Secondary GIE (ONNX gaze model) never attaches tensor-meta (buffer always NULL)

• Hardware Platform (Jetson)
• DeepStream Version 7.1
• JetPack Version (6.2)
• Issue Type(Question)

Hi everyone,

I’m building a DeepStream Python pipeline based on the multi-input multi-output python sample with an integrated tracker. My goal is to run a ResNet34 gaze-estimation ONNX model model repo as a secondary inference on each face detected by a PeopleNet primary GIE that should output pitch and yaw. The engine builds at runtime, but my pad probe never sees any tensor buffers (always buffer address = 0).

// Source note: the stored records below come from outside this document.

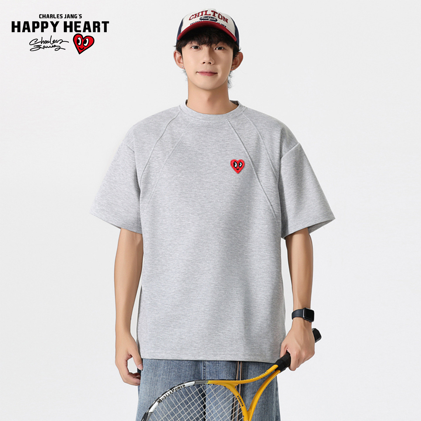 查尔斯桃心新款圆领短袖T恤男夏季爱心刺绣解构纯色百搭情侣上衣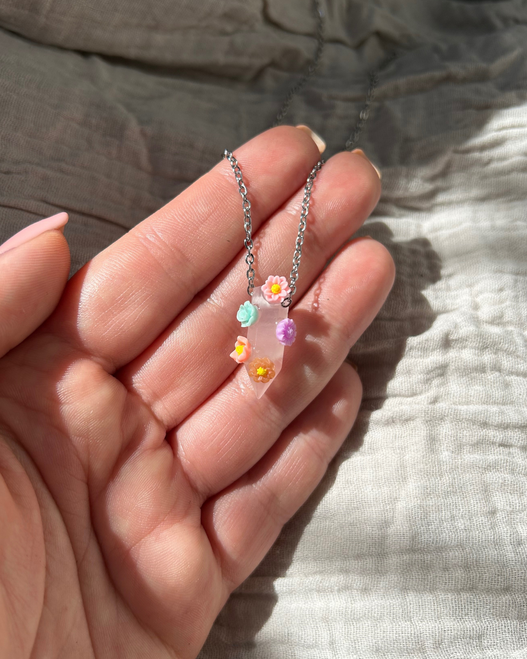 - Zawieszka z kwarcu różowego z kwiatami z żywicy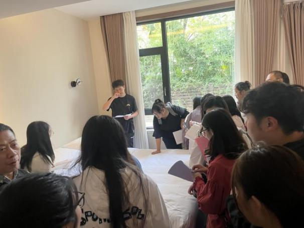 刘皑作为民宿标准化推动者,现场解析 “标准化≠千店一面” 运营逻辑,分享以民宿带动景中村生态修复、打造 “沉浸式楚文化课堂” 的理念。课前学员已研读民宿国标与甲级民宿评分标准,课上化身 “评审员”,对照环境、设施、服务等细则实地核验,围绕生态可持续、空间美学量化评分,共探 “民宿 + 文旅” 标准优化路径。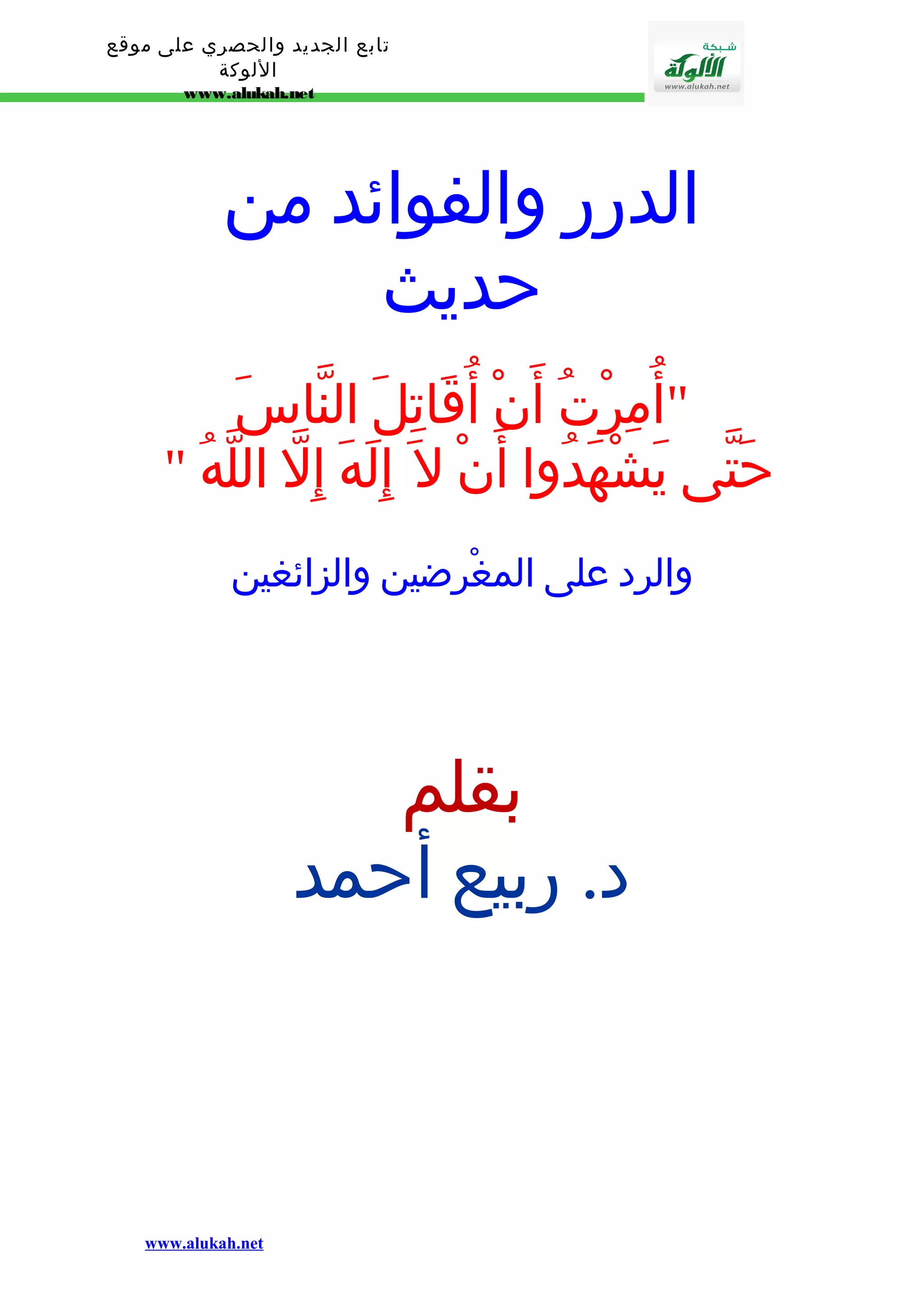 يتناول الوثيقة حديث "أُمِرْتُ أَنْ أُقَاتِلَ النّاسَ حَتّى يَشْهَدُوا أَنْ ل اِلَهَ إِلّا اللّهُ" ويعرض كيفية إساءة فهمه من قبل بعض المغرضين الذين شوهوا معانيه. يشدد على أهمية السنة النبوية وتعليم الصحابة في نقل الدين كما هو، محذرًا من الانتقادات الموجهة لهم. يتضمن النقاش تحديد مفهوم 'الأمر' في القرآن وكيف يرتبط بالوجوب في الدين.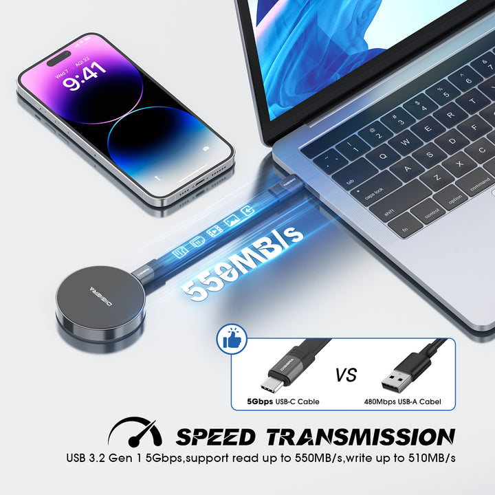 You can connect the Magnetic Portable SSD to your computer using a Type-A or Type-C data cable. You can purchase a compatible adapter or data cable that supports data transfer. To achieve the highest speeds, ensure that the main device, data cable, and adapter all support speeds of 20Gbps or above.

This is the structure of the pipeline

[ uridecodebin ]

[ nvstreammux ] ──► queue1 ──► pgie (PeopleNet, unique-id=1) ──► nvtracker ──► sgie (ResNet34 gaze, unique-id=2) ──► nvstreamdemux ──► [ display bins… ]

SGIE File

[property]
gpu-id=0
batch-size=1
network-type=1
network-mode=0
onnx-file=/opt/nvidia/deepstream/deepstream-7.1/models/gaze-estimation/resnet34_gaze.onnx

process-mode=2
gie-unique-id=2
operate-on-gie-id=1
operate-on-class-ids=2

output-tensor-meta=1

Here is my probe

def sgie_src_pad_buffer_probe(pad, info, u_data):
    #print("[DBG] → ENTER SGIE probe")
    gst_buffer = info.get_buffer()
    if not gst_buffer:
        #print("[DBG] no GstBuffer!") 
        return Gst.PadProbeReturn.OK

    # 1) get batch metadata
    batch_meta = pyds.gst_buffer_get_nvds_batch_meta(hash(gst_buffer))
    """if not batch_meta:
        print("[DBG] no batch_meta!")  """
    l_frame = batch_meta.frame_meta_list
    """if not l_frame:
        print("[DBG] no frames in this batch!")  # <-- (D)"""


    # 2) for each frame
    while l_frame:
        frame_meta = pyds.NvDsFrameMeta.cast(l_frame.data)

        #print(f"[DBG] frame #{frame_meta.frame_num} has {frame_meta.num_obj_meta} objs")

        # 3) walk all object metas (e.g. faces) in this frame
        l_obj = frame_meta.obj_meta_list
        while l_obj:
            obj_meta = pyds.NvDsObjectMeta.cast(l_obj.data)

            count = 0
            u = obj_meta.obj_user_meta_list
            while u:
                count += 1
                u = u.next
            #print(f"[DBG]   obj_id={obj_meta.object_id} class={obj_meta.class_id} has {count} user_meta entries")  # <-- (F)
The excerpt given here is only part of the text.